## Task details:
When you reach the line with "吉澤会長、大変お世話になりました" in the listing below, write out that line and every one after it exactly, and skip the pictures.

## Supplied material:
=== Begin Enclosure ===

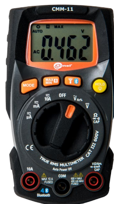
Sone! CMM-11 WMXXCMM11
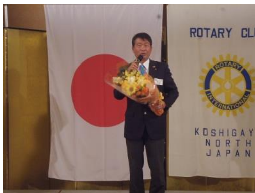
吉澤会長、大変お世話になりました
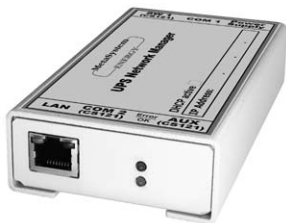
3 108 84

3 108 81 - 3 108 82 - 3 108 83 - 3 108 84 - 3 109 06 - 3 109 07

=== End Enclosure ===

## Completed task:
吉澤会長、大変お世話になりました
3 108 84

3 108 81 - 3 108 82 - 3 108 83 - 3 108 84 - 3 109 06 - 3 109 07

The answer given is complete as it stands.